私自身がその様な状態でも、自分の子供には、他の子にはその様な負い目を感じずに、一歩前に踏み出せる勇気を持ち、自分のやりたい行動をおくれる生活をして欲しいと願ってしまいます。
そんな、心に響いた、感銘を受けた場面でした。
その様にてんの気になる様子は、山のずーっとずーっと奥の森の場面で起こりました。
その地には雪ダルマの四兄弟が住んでいました。一番上がひいちゃん、のっぽがふうちゃん、ふとっちょがみいちゃん、すえっこがようちゃん。ひいふうみいようの四人兄弟ですね。

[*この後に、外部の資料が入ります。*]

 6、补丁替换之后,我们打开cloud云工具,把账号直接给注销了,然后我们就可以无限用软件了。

朝ひいちゃんが皆に何して遊ぶと訊くと、ようちゃんはやきゅうと大きな声でこたえます。
他の皆も野球が大好きです。
野球日和のいい天気の中、雪ダルマの四兄弟の野球は始まりました。
その時ようちゃんは、木の陰にてんが居ることに気が付いていました。
そしてひいちゃんはホームランを打ちます。ボールはどんどん飛んでようちゃんを飛び越え、てんの目の前に落ちます。

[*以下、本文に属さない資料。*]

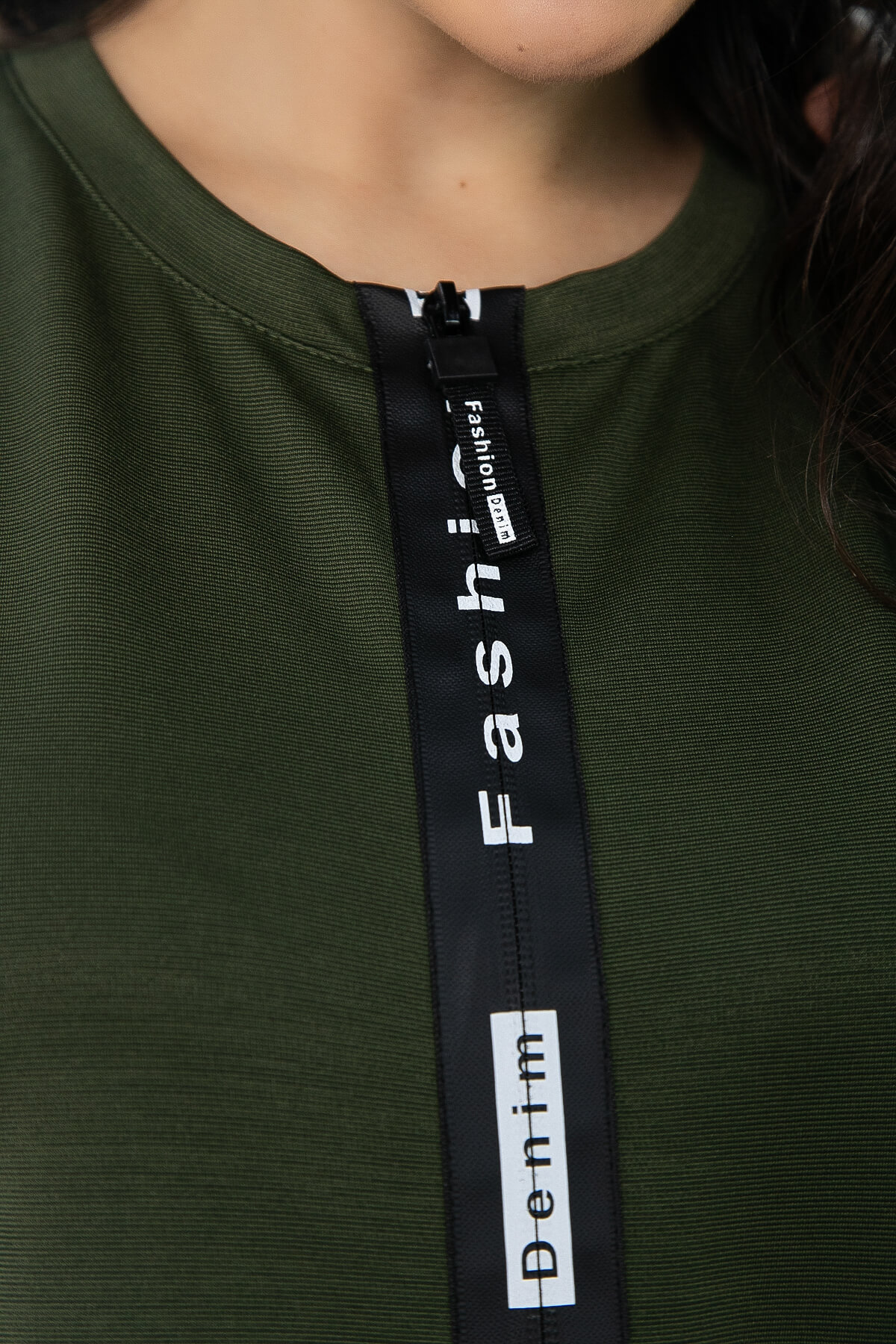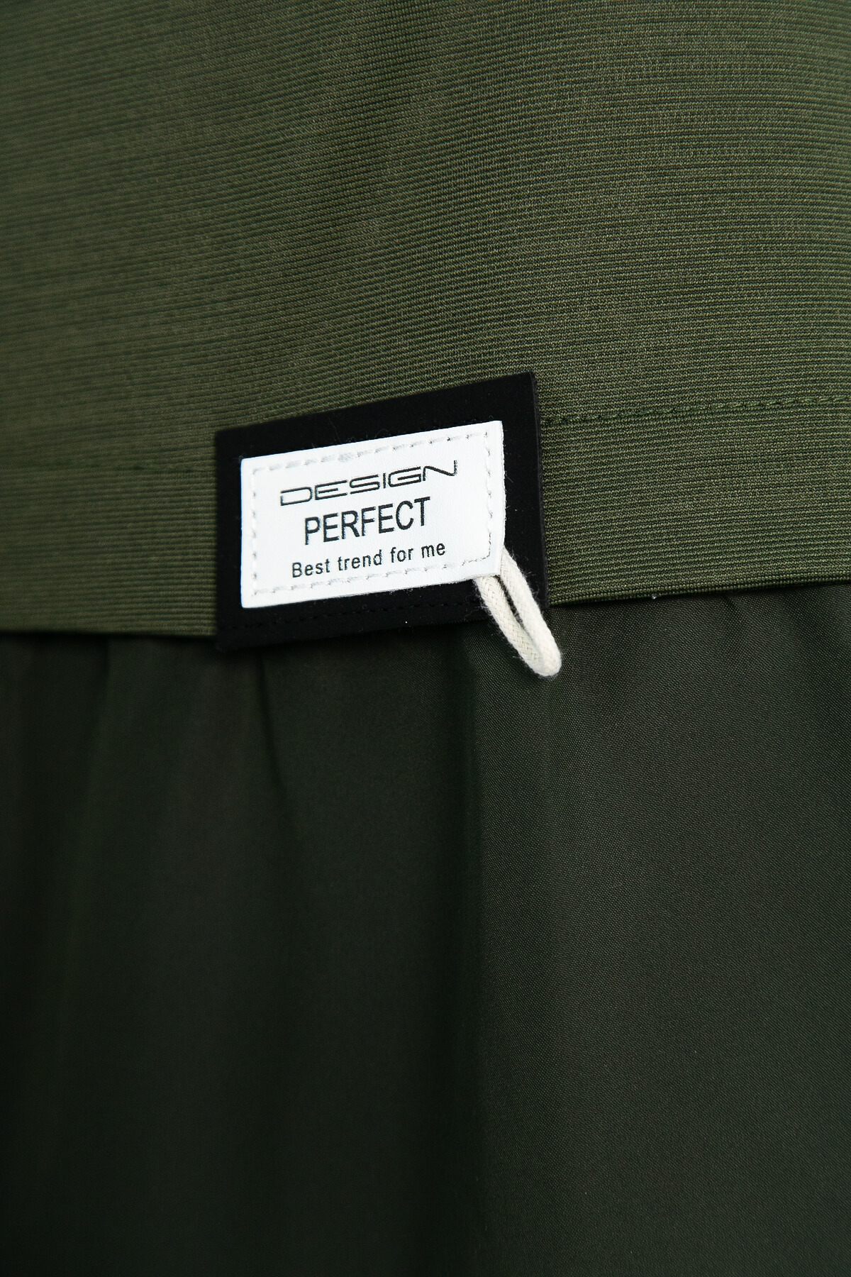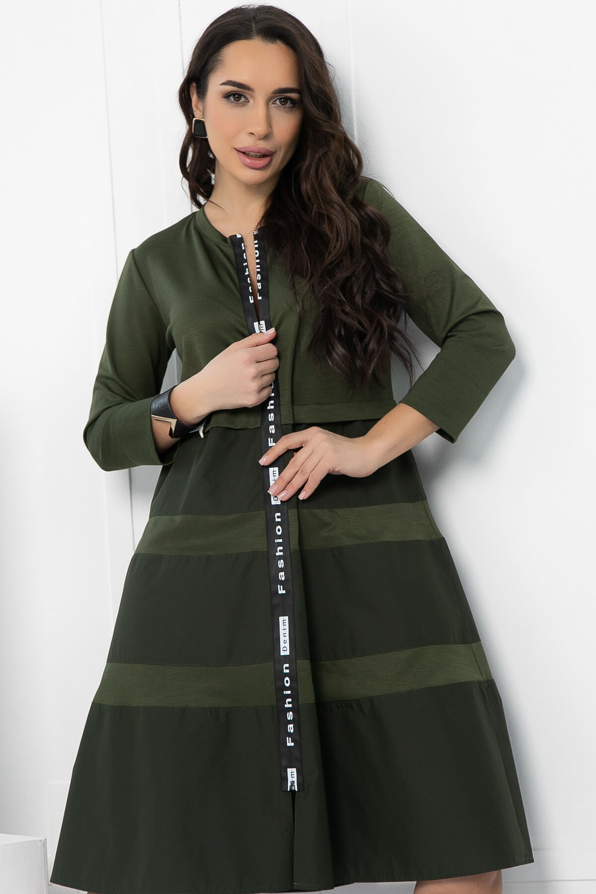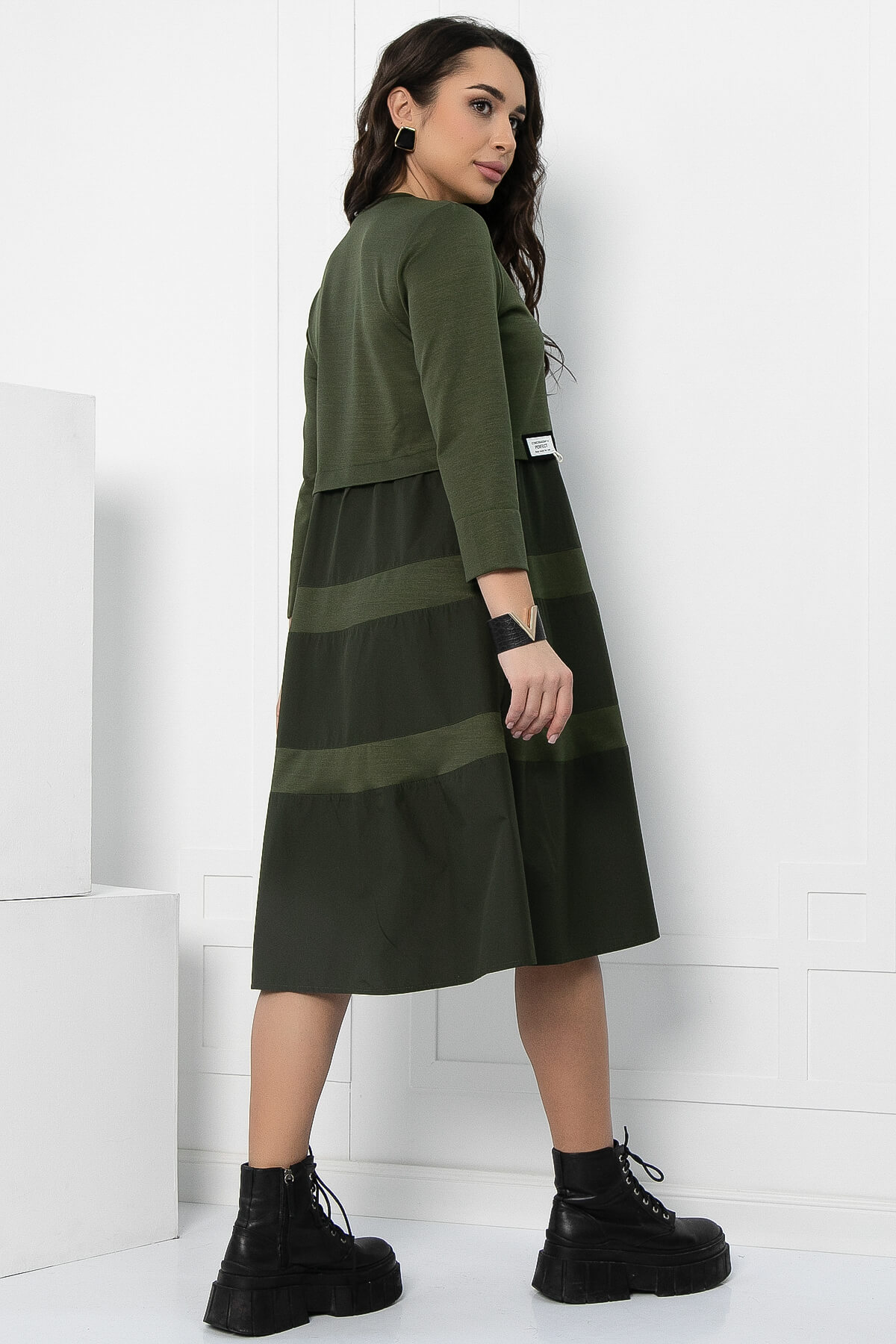 Повседневное платье в стиле спорт-шик из комбинированных материалов: плотного трикотажа и плащевки. Платье отрезное по линии талии, юбка состоит из ярусов. Такой фасон прекрасно подойдёт для повседневных мероприятий, будет хорошо сочетаться, как с обувью на плоской подошве, так и с каблуком. Плащевка неприхотлива в уходе, любые брызги или капли с неё можно удалить обычной влажной салфеткой. Молния по всей длине платья также является декоративным элементом. Платье без подкладки.

てんはボールを拾い走ってきたようちゃんにボールを渡します。
ようちゃんが「ありがとう」とお礼を言うと
でも、てんは だまって いってしまいました。
ゆきだるまのようちゃんとてん より引用
その後、夜にようちゃんが家の中から外を見ると、てんが一人で木の枝をバットに見立てて素振りをしていました。
ようちゃんは、てんも野球が好きなんだと思います。
朝が来て今日も雪ダルマの四兄弟は野球をしています。今回はふうちゃんが強烈な当たりを飛ばします。
すると、ボールは氷の張った池へ。
そして氷の割れた部分から、ボールは水の上に落っこちてしまいました。
水に中に入ってしまったら、解けてしまうと言う雪ダルマの四兄弟。
困った困ったと、どうしていいのか分かりません、ようちゃんは泣き出しそうです。
するとその時、黄色い生き物が走ってきます、そしてボールめがけてジャンプしました。
それはてんでした
てんはボールを拾いようちゃんに渡します、ようちゃんがお礼を言いますが、てんのようすがちょっと変です。
池の水が冷たすぎた様子で、てんは倒れてしまいます。
雪ダルマの四兄弟はてんを家に連れていき、力を合わせててんを温めます。
そのかいあって、朝にはてんは元気になります。
その後の雪ダルマの四兄弟とてんの様子を知りたい場合や、今回の物語を直接読みたい場合は
ゆきだるまのようちゃんとてん 松川けんし 福音館書店
こどものとも年中向き 2019年12月号 通巻405号
をぜひ読んでみて下さい。
裏表紙の、ハンモックで寝ている皆のイラストが和みました。
皆様にはどの様な新しい響きがあるのか、楽しみです。
てんが雪ダルマの四兄弟と仲良くなれるキッカケ、野球を一緒にできるようになるキッカケが有って嬉しく感じます。
勿論キッカケを活かすことが出来たのは、てんが行動があってのことですが。
キッカケを活かすことの出来たてんを見習いたいです。
もしも
ボールを拾うのは自分じゃなくてもいいんじゃないか 余計な事はしないままが良い
とその場で縮こまっていたら、何も変わらない、困っていた雪ダルマたちを助けることが出来ませんでしたよね。
キッカケが有ればいつでも活かせるように準備し、もしかりにキッカケが無かったとしても取っ掛かりを見つけられるような行動ができる、人物になりたいです。